Сложив на груди руки, Гита склонилась над телами и заголосила, раскачиваясь всем телом: «Почему, почему Ты оставил нас, невинных?.. Вот, взгляни, мы все стоим перед Тобой, одинокие, осиротевшие!..»
Стало совсем тихо, будто весна замерла, и потускнела прелесть пробудившейся природы. Горсточка оставшихся в живых евреев оплакивала останки своих родных.
— Дорогие души, — раскачиваясь, нараспев говорила Гита, — придите к Богу и просите милости для оставшихся в живых. Дай нам Бог сил все выдержать, чтобы жить дальше!..
Такой кадиш произнесла еврейская женщина Гита над своими расстрелянными соплеменниками.
На том и закончился этот печальный сход евреев в небольшом украинском городке в марте сорок пятого года.
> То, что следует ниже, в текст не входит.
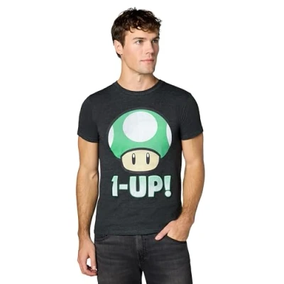 Nintendo Men's Mario 1 up Mushroom T Shirt, Charcoal Heather, XL

Мертвых перевезли на кладбище, и новый холм появился над братской могилой. Главное было сделано, теперь можно было подумать и о памятнике.
Стояли предпасхальные дни. В былые времена, еще совсем недавно, в это время в городке обычно царила суета, евреи оживленно и радостно готовились к пасхальному вечеру… Бог ты мой! Когда ж это было?!. А сегодня к Гите пришли три женщины, засучили рукава, замесили тесто — вот она и готова, маца, вот и весь праздник!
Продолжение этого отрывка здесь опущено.